> _PROBLEM DETAILS_
With the pictures left out, write out exactly the lines of the listing below that run from the line with "Seit 8 Jahren" through the line with "Edytor tapety: Zamek".

LISTED RECORDS START

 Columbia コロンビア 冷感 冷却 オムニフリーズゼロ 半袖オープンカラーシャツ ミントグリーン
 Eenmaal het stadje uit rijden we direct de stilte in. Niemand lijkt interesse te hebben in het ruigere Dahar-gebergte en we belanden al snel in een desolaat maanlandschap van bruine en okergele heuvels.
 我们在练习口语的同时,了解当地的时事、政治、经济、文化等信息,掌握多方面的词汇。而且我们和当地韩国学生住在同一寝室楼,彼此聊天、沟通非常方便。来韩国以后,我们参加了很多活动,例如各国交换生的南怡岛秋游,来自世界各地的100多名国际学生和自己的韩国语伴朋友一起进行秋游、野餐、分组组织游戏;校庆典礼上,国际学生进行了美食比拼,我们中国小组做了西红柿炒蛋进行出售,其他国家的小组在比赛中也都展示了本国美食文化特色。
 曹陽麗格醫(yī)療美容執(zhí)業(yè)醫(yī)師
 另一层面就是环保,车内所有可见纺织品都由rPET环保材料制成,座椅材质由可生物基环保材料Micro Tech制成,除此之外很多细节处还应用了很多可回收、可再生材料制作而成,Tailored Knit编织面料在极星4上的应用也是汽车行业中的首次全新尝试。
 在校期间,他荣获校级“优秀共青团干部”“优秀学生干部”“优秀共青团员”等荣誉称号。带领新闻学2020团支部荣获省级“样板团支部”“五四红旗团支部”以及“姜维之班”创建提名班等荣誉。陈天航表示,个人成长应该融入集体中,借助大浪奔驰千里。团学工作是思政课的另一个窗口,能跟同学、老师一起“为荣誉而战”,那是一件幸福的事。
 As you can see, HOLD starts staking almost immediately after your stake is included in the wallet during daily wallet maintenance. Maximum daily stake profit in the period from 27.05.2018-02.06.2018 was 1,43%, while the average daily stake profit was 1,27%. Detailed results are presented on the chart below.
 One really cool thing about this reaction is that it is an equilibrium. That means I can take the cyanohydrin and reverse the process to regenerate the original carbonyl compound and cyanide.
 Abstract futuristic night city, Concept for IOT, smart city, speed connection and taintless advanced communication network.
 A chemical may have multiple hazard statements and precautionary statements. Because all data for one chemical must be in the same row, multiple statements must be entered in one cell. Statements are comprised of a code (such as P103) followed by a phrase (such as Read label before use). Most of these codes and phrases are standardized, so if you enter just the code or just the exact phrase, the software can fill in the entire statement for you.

LISTED RECORDS END
LISTED RECORDS START

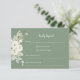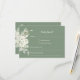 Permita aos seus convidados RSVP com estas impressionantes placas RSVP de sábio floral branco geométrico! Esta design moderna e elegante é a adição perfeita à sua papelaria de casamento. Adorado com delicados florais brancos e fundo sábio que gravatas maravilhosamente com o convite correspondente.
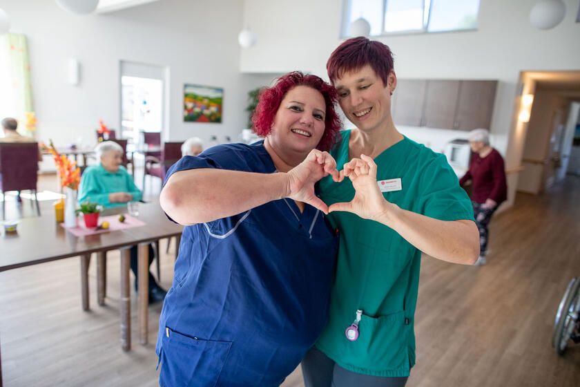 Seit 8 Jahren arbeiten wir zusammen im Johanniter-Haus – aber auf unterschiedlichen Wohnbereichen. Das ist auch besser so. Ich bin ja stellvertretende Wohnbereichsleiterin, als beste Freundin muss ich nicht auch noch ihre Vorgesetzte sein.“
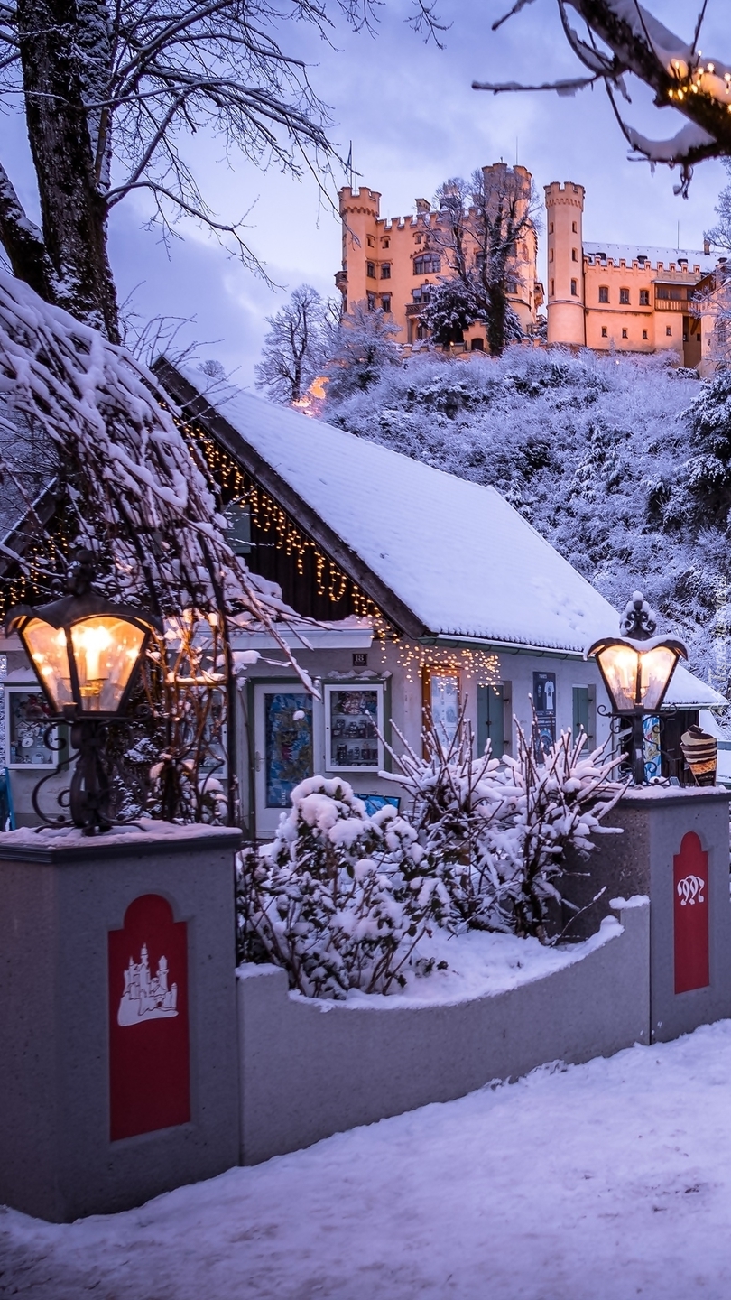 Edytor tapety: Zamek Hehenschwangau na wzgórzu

LISTED RECORDS END
LISTED RECORDS START

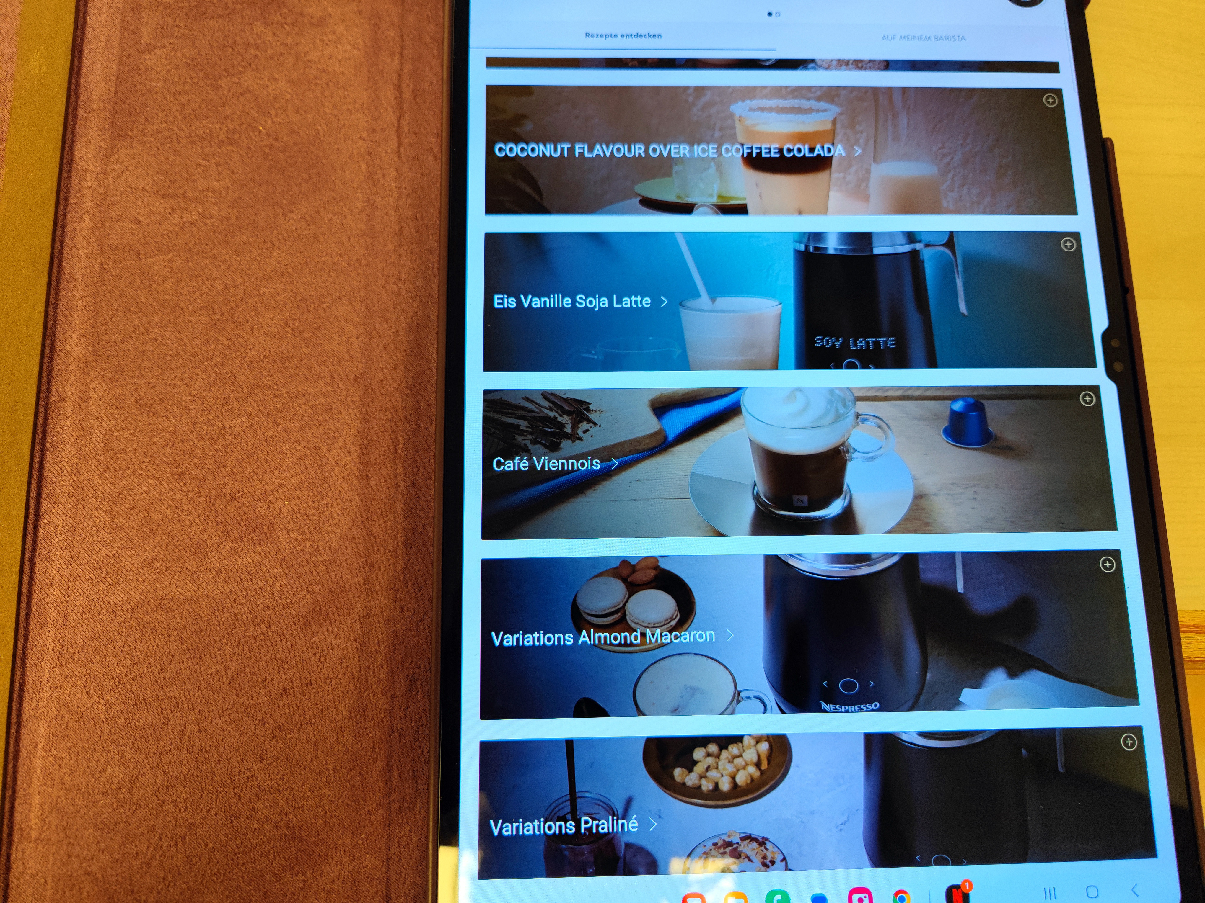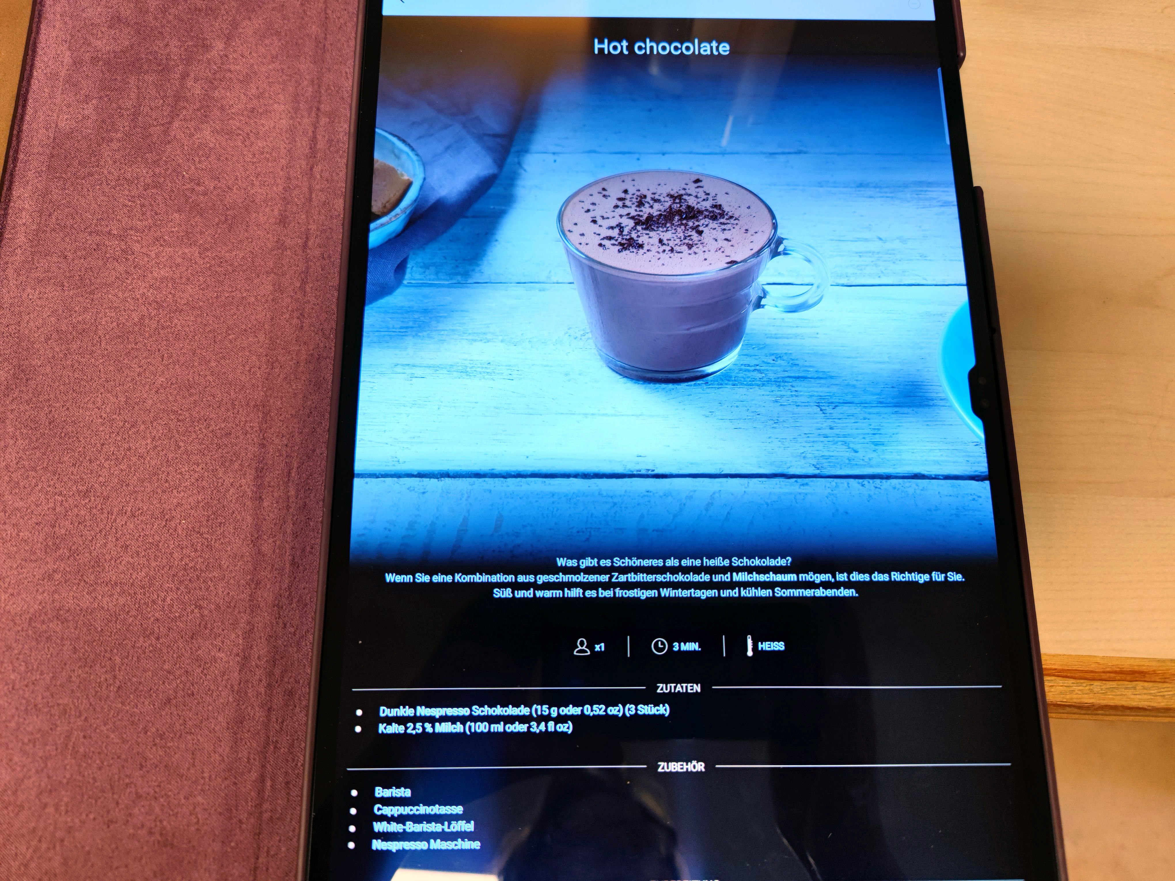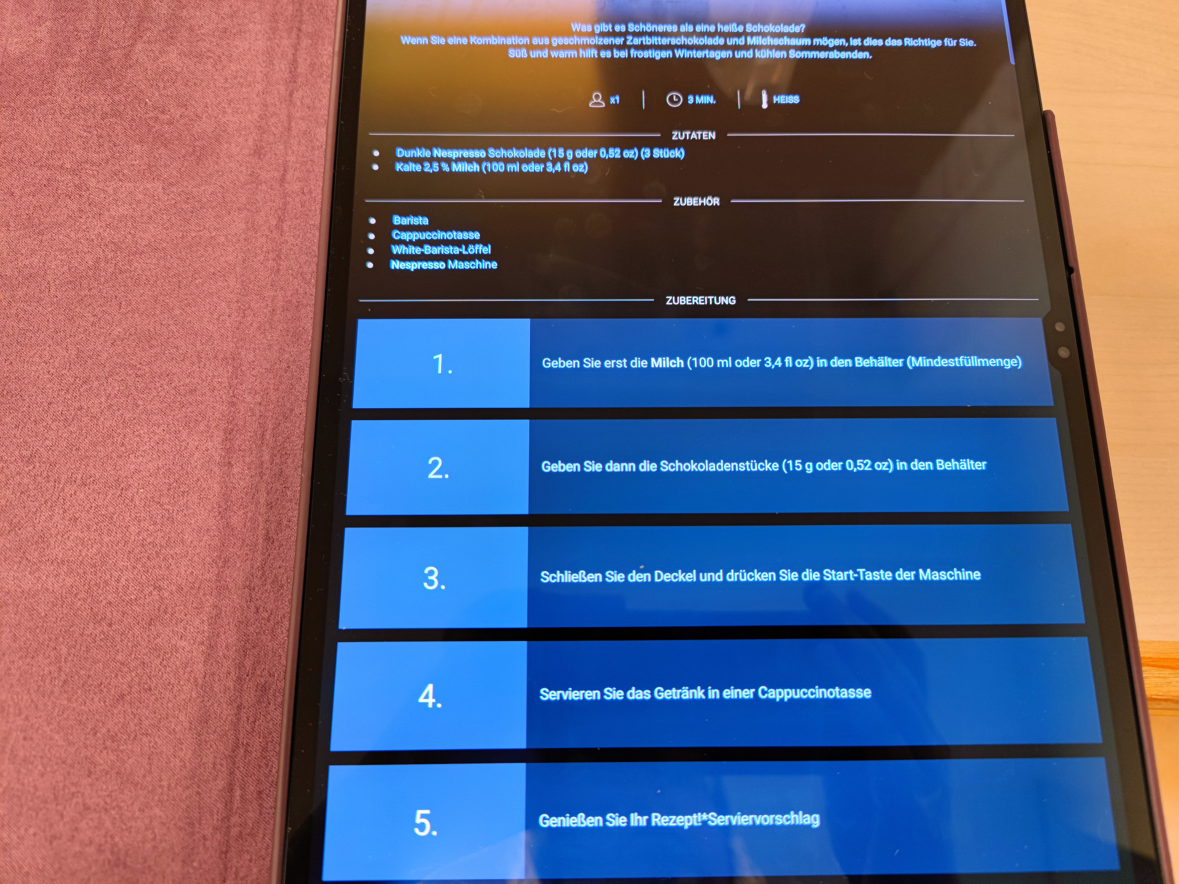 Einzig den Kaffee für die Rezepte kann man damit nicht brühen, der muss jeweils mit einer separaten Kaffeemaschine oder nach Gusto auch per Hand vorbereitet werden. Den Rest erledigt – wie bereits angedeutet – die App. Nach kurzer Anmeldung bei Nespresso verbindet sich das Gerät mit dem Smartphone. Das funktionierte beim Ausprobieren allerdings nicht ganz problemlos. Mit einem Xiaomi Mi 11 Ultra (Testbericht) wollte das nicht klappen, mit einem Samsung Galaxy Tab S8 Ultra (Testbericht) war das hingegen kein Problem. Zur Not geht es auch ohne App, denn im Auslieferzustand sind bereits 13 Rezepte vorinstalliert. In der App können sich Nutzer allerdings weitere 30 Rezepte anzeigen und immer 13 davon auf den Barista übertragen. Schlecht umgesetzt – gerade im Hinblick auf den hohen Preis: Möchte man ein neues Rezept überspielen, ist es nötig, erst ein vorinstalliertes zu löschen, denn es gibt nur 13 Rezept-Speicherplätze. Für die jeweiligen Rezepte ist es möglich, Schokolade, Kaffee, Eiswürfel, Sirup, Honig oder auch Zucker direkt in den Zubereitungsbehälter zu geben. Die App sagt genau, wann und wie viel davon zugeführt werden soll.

LISTED RECORDS END

> _RESULT OF THE TASK_
 Seit 8 Jahren arbeiten wir zusammen im Johanniter-Haus – aber auf unterschiedlichen Wohnbereichen. Das ist auch besser so. Ich bin ja stellvertretende Wohnbereichsleiterin, als beste Freundin muss ich nicht auch noch ihre Vorgesetzte sein.“
 Edytor tapety: Zamek Hehenschwangau na wzgórzu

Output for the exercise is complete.